NIPS 2017
Mon Dec 4th through Sat the 9th, 2017 at Long Beach Convention Center
Reviewer 1
This paper proposes an efficient way to approximate the softmax computation for large vocabulary applications. The idea is to decompose the output matrix with singular value decomposition. Then, by selecting the most important singular values you select the most probable words and also compute the partition function for a limited amount of words. These are supposed to contribute for the most part of the sum. For the remaining words, their contributions to the partition function is only approximated.
The idea is nice and the experimental results show a significant inference speed up, along with similar performance.

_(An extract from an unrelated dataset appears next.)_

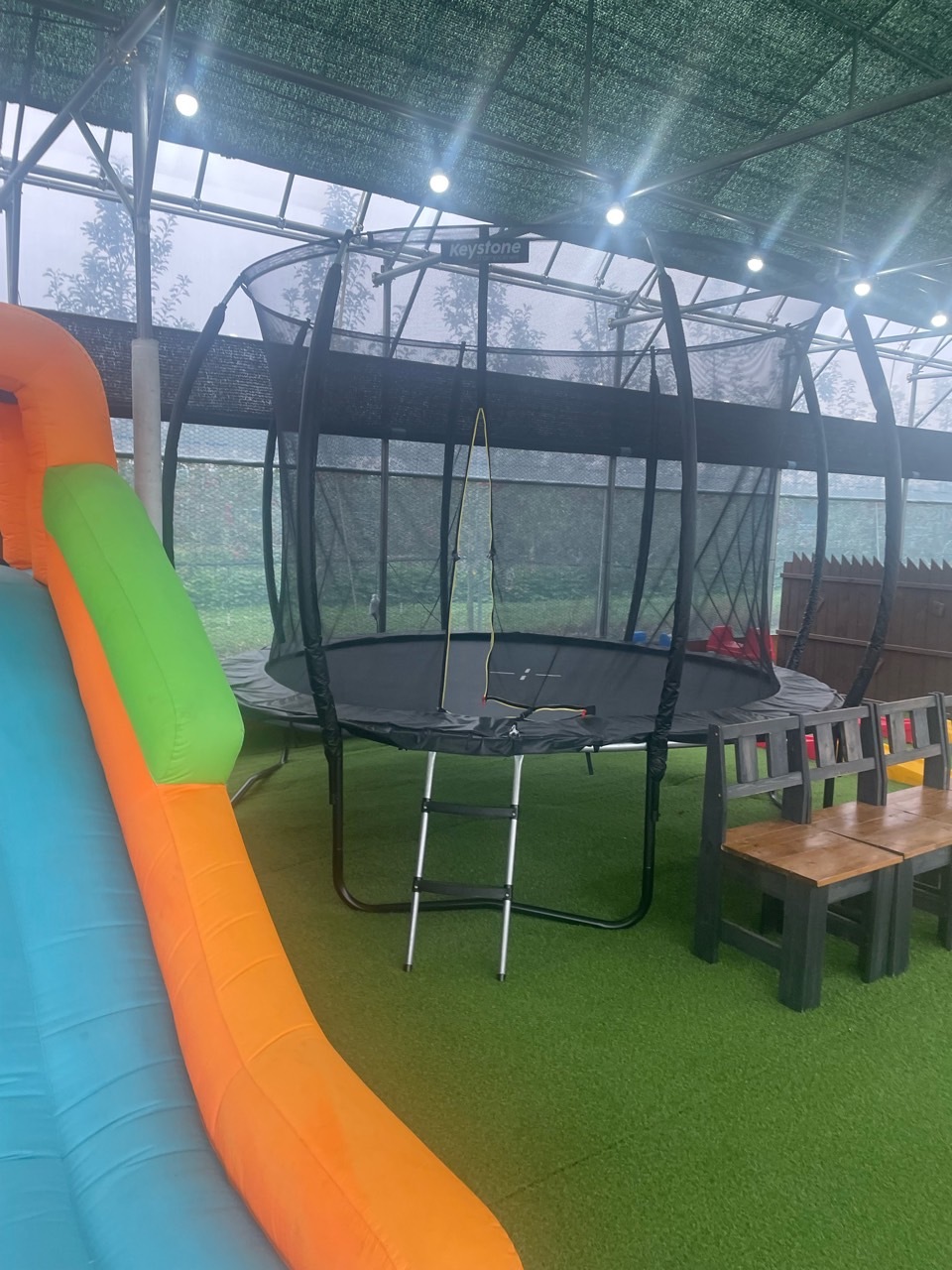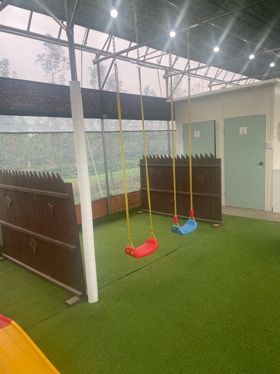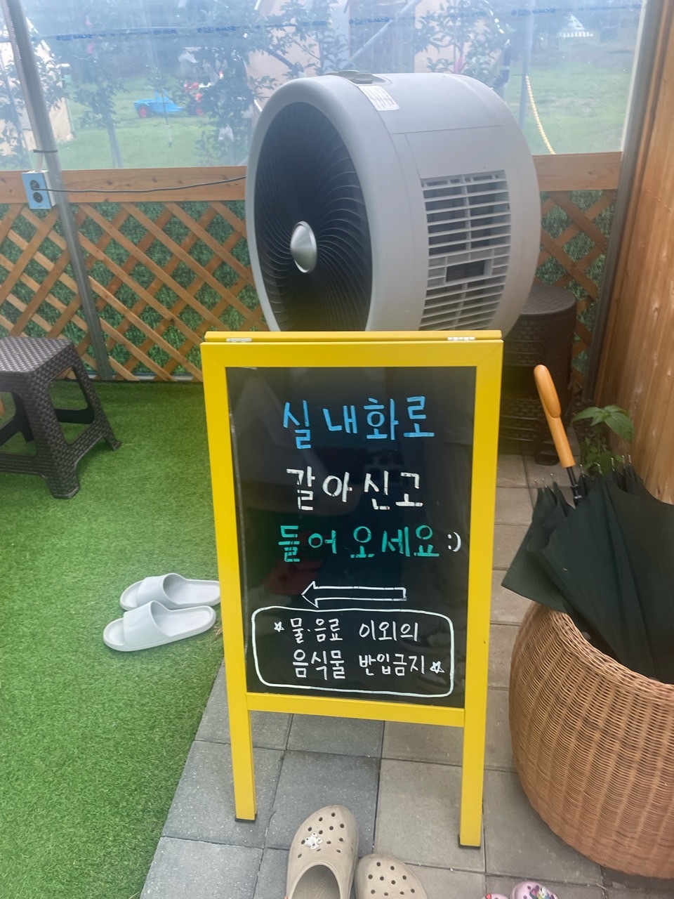 저흰 비가 많이 온 관계로 대부분을 실내 놀이터에서 보냈습니다. 안에는 아이들이 놀 수 있게 잘되어 있었고 부모님이 쉴 수 있게 의자도 잘 준비되어 있었어요. 다만 에어컨은 없어서 세상 꿉꿉했지만 못 참을 정도는 아니었어요. 그래도 비 오는 날이나 한여름엔 덥지 싶습니다. 에어컨은 없고 큰 선풍기가 있었답니다.

My main concern is that sometimes the paper is poorly written. Just one example: the authors use the term "logit" to denote the exponential of a dot product. This is not correct. The logit function is the inverse of the sigmoidal "logistic" function. This choice of term is therefore incorrect and misleading.
More examples are given below. However the idea is both simple and nice.
- Page 2, line 73: Moreover, self normalized models requires a huge training time.
- Page 3, line 93: It is not "approximately". It's the same. The softmax function outputs the probability distribution over the whole vocabulary.
- Line 102: reword this sentence
- Line 114: for obtaining accurate results -> to obtain accurate results
- Exactly instead of correctly in line 117
Page 5: Why you didn't use the full softmax on the wiki data ? The vocabulary is small and the computational cost is really cheap!
Page 6: The script to compute the BLEU score is included in the Moses released, but it's not the Moses toolkit. However, which one did you use ?
To have a stronger baseline you could use bpe to decompose words. Moreover, it could be more meaningful to have a larger vocabulary. For instance if you translate from English to German, the output vocabulary is really larger, even if you use bpe. I understand the goal is to show that your svd softmax performs as well as the full softmax with a huge gain in time. However, this gain of time could benefit to the NMT system by allowing a longer training in a state of the art setup with the svd softmax.
Reviewer 2
This paper presents a simple approach to speed-up the softmax computation for large vocabulary neural networks. The perform SVD on the output embedding matrix.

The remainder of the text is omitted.